Malditas sean las guerras

En pasados artículos ya hablé sobre la historia del territorio de Palestina e Israel, de cómo los musulmanes, como ocurrió en la Península Ibérica en el año 711 d.C. con la conquista de esta tierra, hicieron lo propio en estos territorios en el año 636 d. C. De todos es sabido que en el año 1492 concluyó en la Península Ibérica la que fue llamada como Reconquista, y también es conocida la intención manifiesta por grupos extremistas islamistas de “devolver” a los de la fe de Mahoma los territorios de Al-Ándalus. Curiosamente, fue en marzo de ese mismo año en el que los Reyes Católicos, Isabel y Fernando, firmaron el de decreto de expulsión de los judíos de los reinos de Navarra y Aragón que ponía como límite el mes de Julio del mismo para salir de sus tierras.

Precisamente el año que concluyó el proceso de Reconquista en lo que hoy es territorio español se produjo el hecho de la denominada “Conquista de América”, hecho histórico protagonizado por Cristóbal Colón, al servicio de los Reyes Católicos, un hecho que tendría su final respecto a la soberanía española en el año 1898, con la renuncia a Cuba, Puerto Rico, Filipinas y la Isla de Guan por parte de España. Así acababa el inmenso imperio español llevado a cabo mediante conquistas a partir de finales del siglo XV.

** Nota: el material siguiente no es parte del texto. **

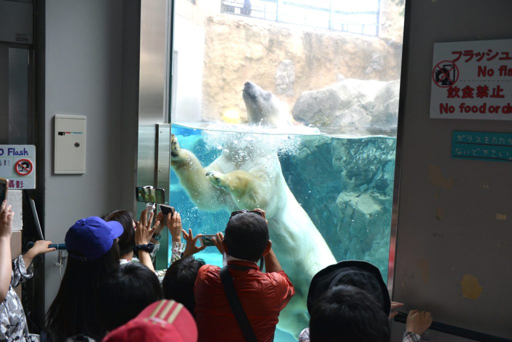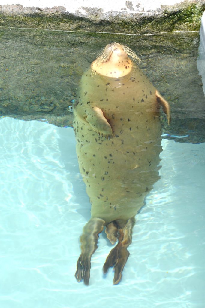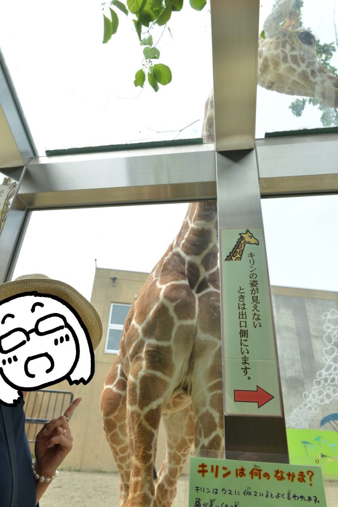 ゲートを潜ったところにあった案内図を見ながらルートを考えました。園内は結構起伏がありそうでしたので、できるだけ楽して回りたいものです。ざっくりと時計回りに回ることにしてゆっくり進んでいくと、最初にキリンがいました。上からだけでなく下の窓からも眺めることができます。檻の中をただ見ているのとは随分違うものです。そのあとは、カバやらペンギンやらホッキョクグマやらをながめ、最後はアザラシに癒やされて大満足。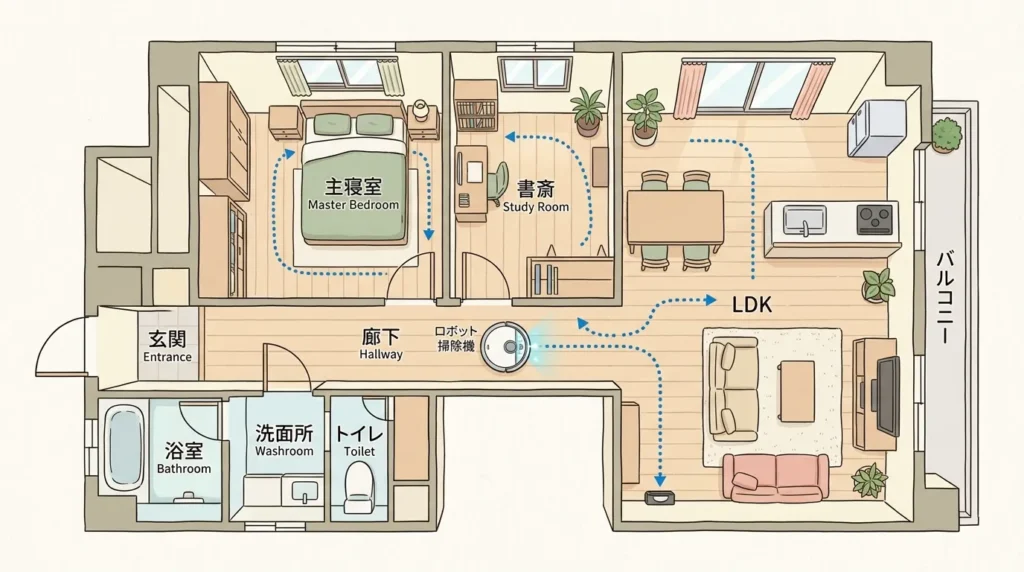 この機能がないモデルは、いわば「目をつぶって手探りで掃除する人」。壁にぶつかったら方向を変え、ランダムに動き回るだけなので、同じ場所を何度も通る一方で、隅っこは素通りということが起こります。一方、マッピング機能を持つモデルは「部屋の地図を持って計画的に掃除する人」。LDKから廊下を通って寝室へ、そして書斎へと、無駄なく順番に巡回してくれます。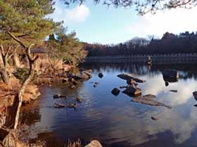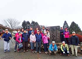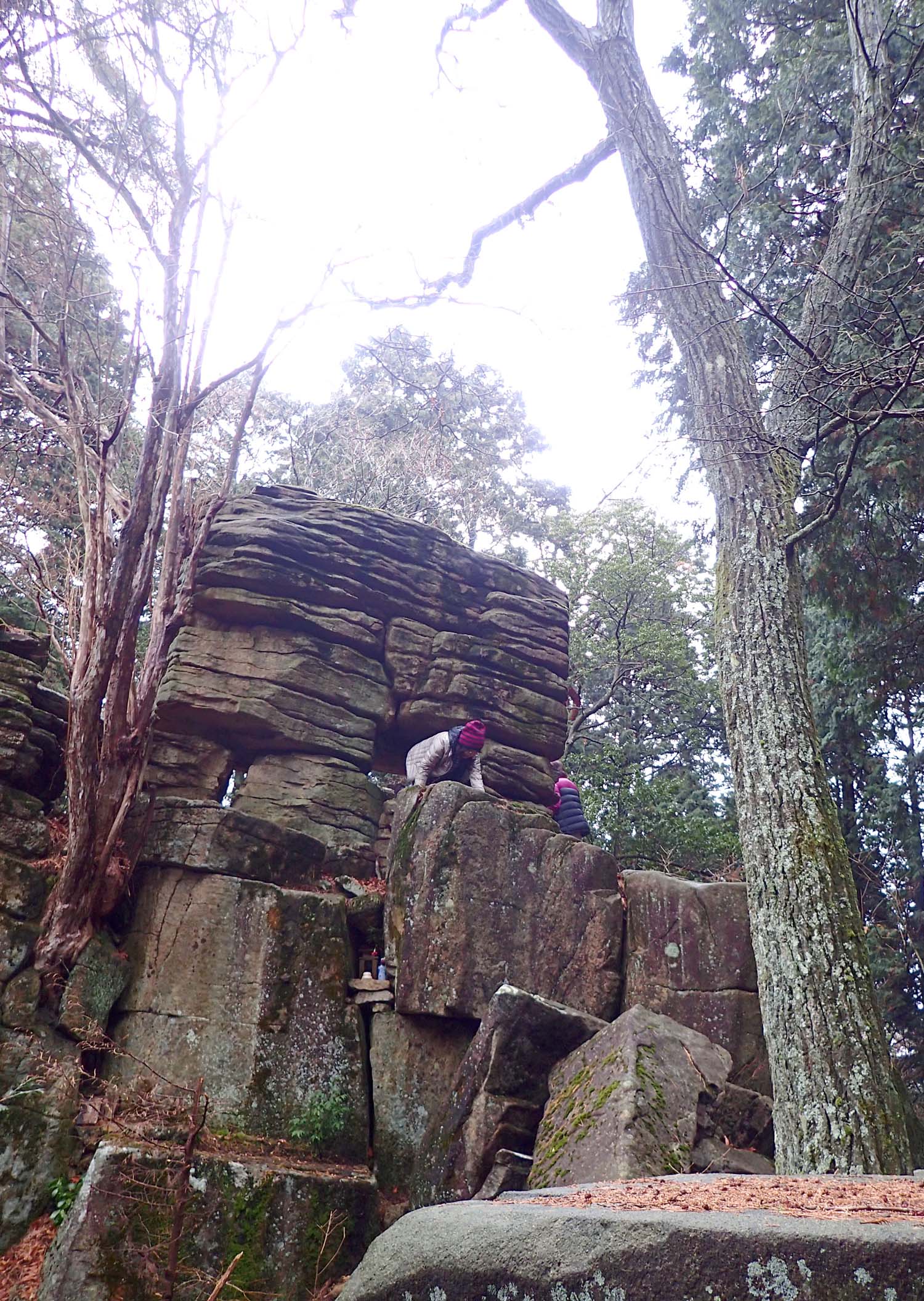 海が近いのに800m以上の高さがある野呂山は兜岩コースでも勾配はきつく、冬とは思えない暖かい日和の中、汗が流れる。しかし、明日は雨の予報。下山時にと考えていた仏石にも寄り、歩を進める。岩海遊歩道分岐で岩海へ立ち寄らないグループと立ち寄るグループの2組に分かれ、それぞれロッジに到着。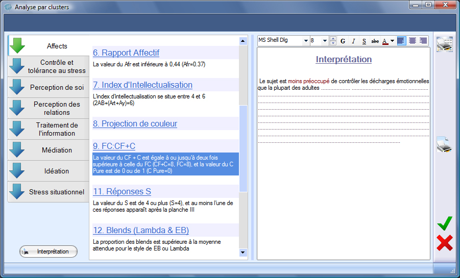 Bien que l' interprétation du test reste du seul ressort "subjectif" du psychologue, cette fonctionnalité fournit différentes pistes et aides pour affiner les conclusions du test.

Y todo esto viene a colación de las reivindicaciones territoriales tras la justificación de una conquista extendida en el tiempo. Y resulta curioso que los mismos que atacan a nuestro país por el cuestionable trato que pudieron dar en el siglo XVI, háganselo ver, a pueblos indígenas del sur de América, trato por cierto inmensamente mejor que el propiciado por los ingleses en el norte, trato además del que escenifican un sobrado orgullo patrio en sus conmemoraciones y hasta en sus películas western, esos mismos, son los que apoyan a los conquistadores cuando políticamente les interesa. Cierto es que el territorio palestino fue un espacio agredido y controlado, conquistado y masacrado en multitud de ocasiones, no tanto en la Historia como la Península ibérica, por los bárbaros, romanos o musulmanes, entre otros, pero esto tampoco justifica la eterna posesión de los mismos si tenemos en cuenta hechos históricos relacionados con parte de sus primeros pueblos o la estrecha relación primaria de parte de ellos relacionados con los sentimientos y creencias religiosas.

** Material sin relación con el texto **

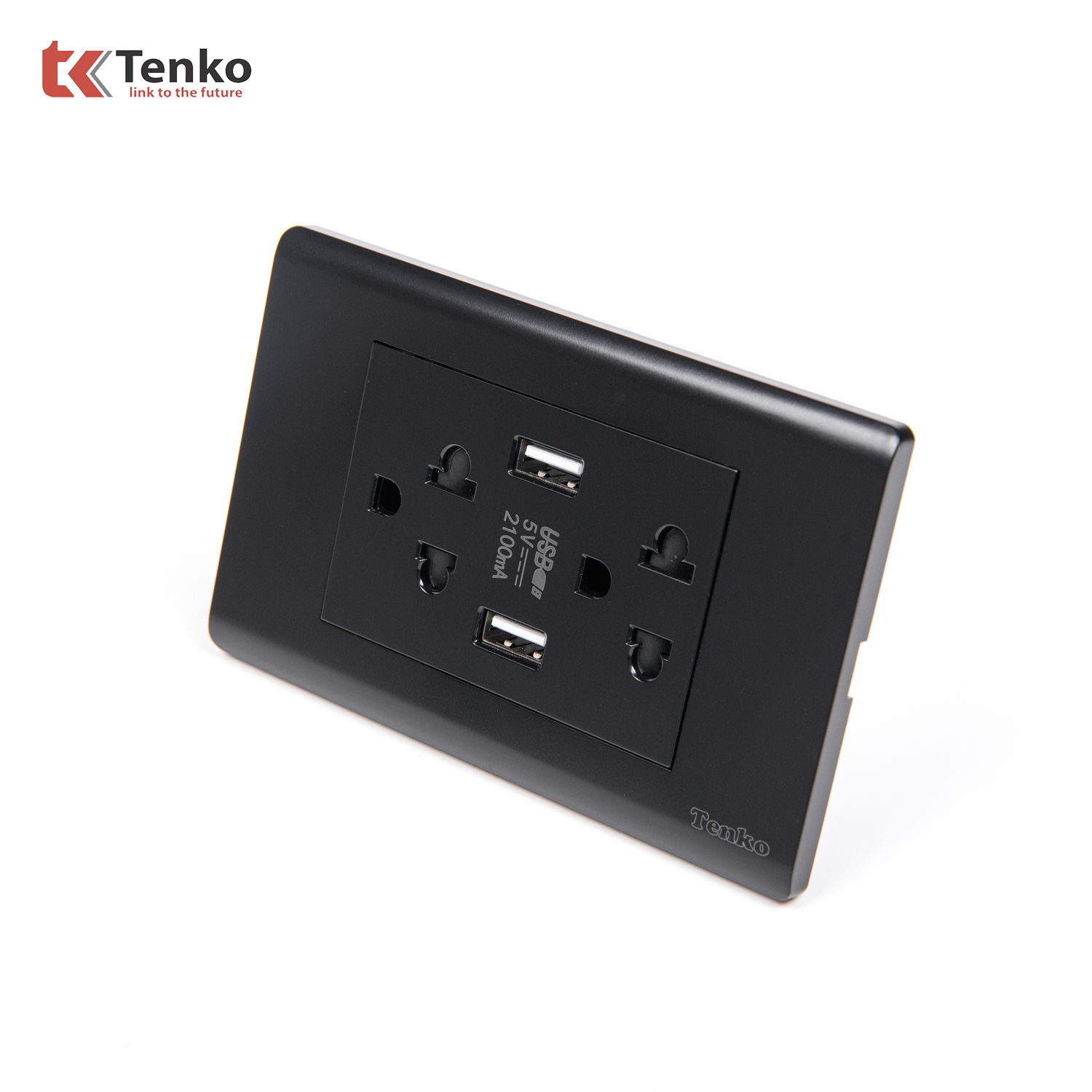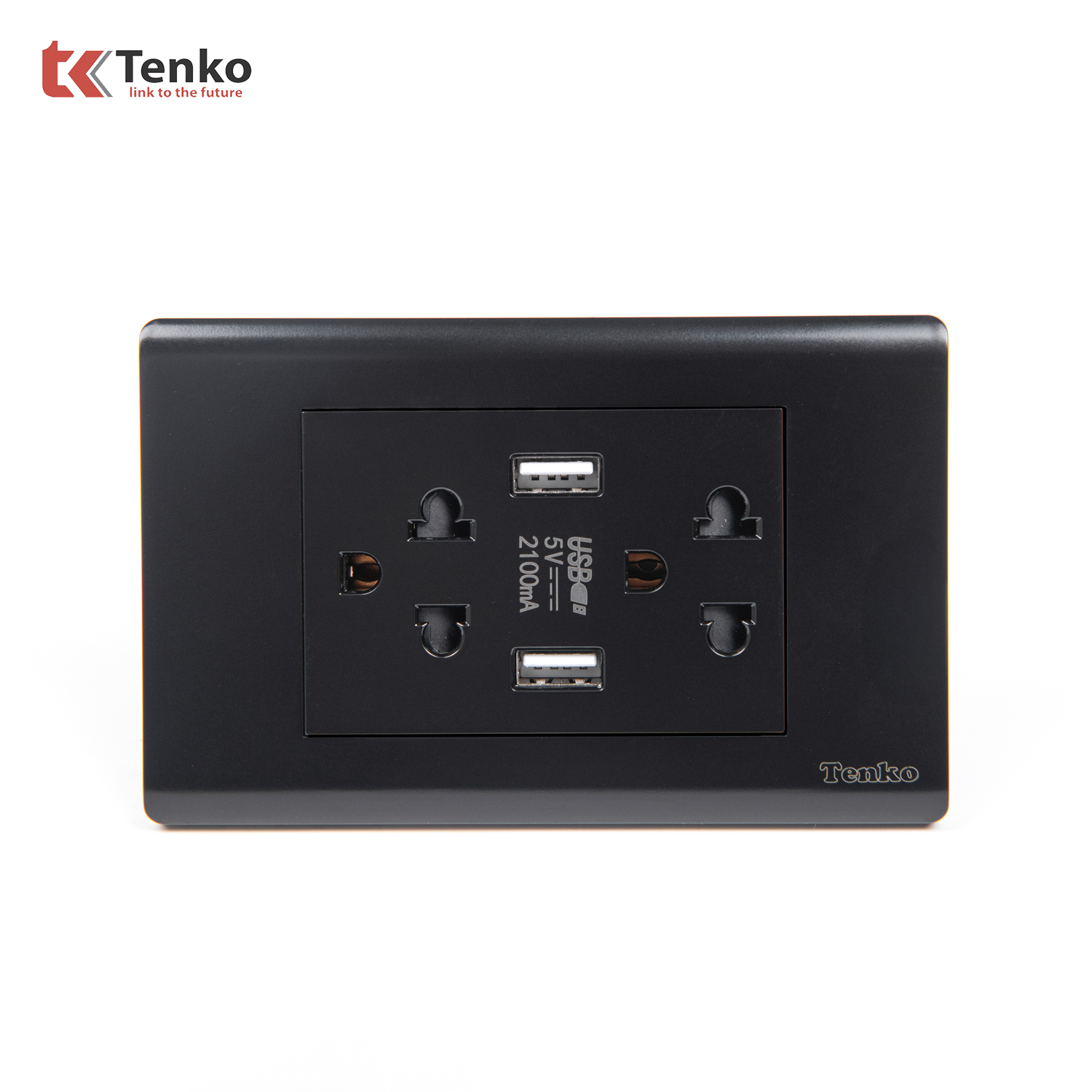 Ổ Cắm Đôi 3 Chấu Và USB Âm tường Cao Cấp TENKO TK-C25-045 – Mặt Nhựa PC Đen

También es muy cierto que Occidente, tanto en primer lugar Reino Unido, que engañó al pueblo palestino, como la propia ONU, son corresponsables de la actual y dilatada en el tiempo situación que se vive en Israel y Palestina. Si bien hay muchos despistes intencionados de quiénes exigen un reconocimiento internacional del Estado palestino que este mismo pueblo rechazó en diversas ocasiones por no estar de acuerdo con la implantación del Estado de Israel, también es cierto que el proceso de implantación de este Estado fue muy forzado y ocultó muchos intereses de control en la zona y de restablecimiento de un control territorial sobre un espacio con un marcado significado religioso, tanto para los que ya estaban como para los que llegaron.

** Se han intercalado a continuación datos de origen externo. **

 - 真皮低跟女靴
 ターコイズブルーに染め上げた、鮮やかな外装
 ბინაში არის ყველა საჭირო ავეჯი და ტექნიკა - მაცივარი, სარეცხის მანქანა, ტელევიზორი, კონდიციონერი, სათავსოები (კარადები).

Además, el proceso de asentamiento de los judíos tras la Segunda Guerra Mundial en territorio palestino fue bastante inusual, ya que llegaron huyendo de la masacre, aunque también del rechazo de gran parte de Europa, dato que estos países pretenden esconder en la infra historia, y lo hicieron con un gran poder económico que comenzó a hacerse con barrios enteros, industria y fábricas a base de unas fuertes inversiones. Nada fue casualidad, más bien un proceso fagocitario calculado y medido, extraordinariamente eficaz a la vista de los acontecimientos posteriores, consecuencia de todo lo sucedido.

A lo largo de la Historia de la Humanidad han sucedido tantas cosas que es complicado defender una postura sin entrar en contradicciones por intereses ideológicos, políticos o religiosos. Lo cierto es que la configuración del mapa internacional actual no es fruto, ni mucho menos, de la concordia entre pueblos, sino del enfrentamiento entre los mismos por establecer el mayor control posible sobre los territorios. Y la fórmula ancestral, desde que se produjo el primer asesinato de un hombre por un hombre, en la historia bíblica de Caín matando a su hermano Abel, ha sido la guerra, el poder de la fuerza sobre el acuerdo o el consenso. Desgraciadamente, siempre deben morir miles, en ocasiones millones de inocentes para que se llegue a un acuerdo, aunque la mayoría de las ocasiones es un acuerdo de ganadores sobre vencidos, con tinta de sangre de inocentes.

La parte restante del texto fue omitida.